Can someone check if my work here is on the right track:
Compute $$\int_{S^{1} \times S^{1}} f^{*} \mathbb{\omega}$$ where $f\colon S^{1} \times S^{1} \rightarrow \mathbb{R}^{4}$ is a smooth map and $\mathbb{\omega} = dx_{1} \wedge dx_{2} - dx_{3}\wedge dx_{4}$ is a two-form on $\mathbb{R}^{4}$ in the standard coordinates.

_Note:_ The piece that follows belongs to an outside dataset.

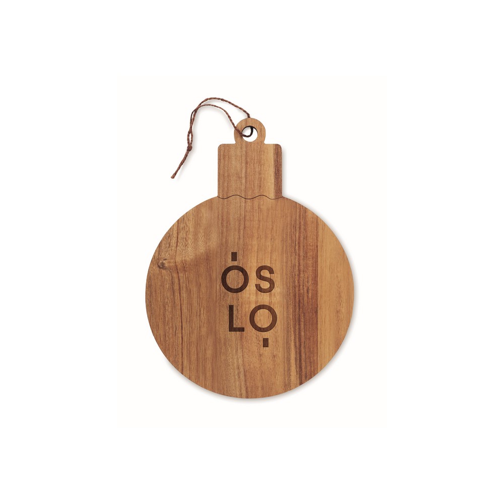 Karácsonyi gömbdísz alakú akáciafa tálalódeszka, PU zsinórral. A fa természetes anyag, termékenként szín- és méretbeli eltérések jelentkezhetnek, ami befolyásolhatja a dekoráció végső eredményét. FSC® -certified | FSC 100%, W16.3, FSC-C213206

Here is what I have done so far. Let, $f(u,v) \rightarrow(x_{1}(u,v), x_{2}(u,v), x_{3}(u,v), x_{4}(u,v))$. So $$dx_{1} = \frac{\partial x_{1}}{\partial u} du + \frac{\partial x_{1}}{\partial v} dv$$ and we can do the same for $dx_2, dx_3$ and $dx_4$. So I get:
$$\int_{S^{1} \times S^{1}} \left(\frac{\partial x_{1}}{\partial u} \frac{\partial x_{1}}{\partial v} - \frac{\partial x_{2}}{\partial u} \frac{\partial x_{2}}{\partial u}\right) du \wedge dv + \left(\frac{\partial x_{4}}{\partial u} \frac{\partial x_{4}}{\partial v} - \frac{\partial x_{3}}{\partial u} \frac{\partial x_{3}}{\partial v}\right) du \wedge dv, $$
but I am not sure where to go from here. Any tips?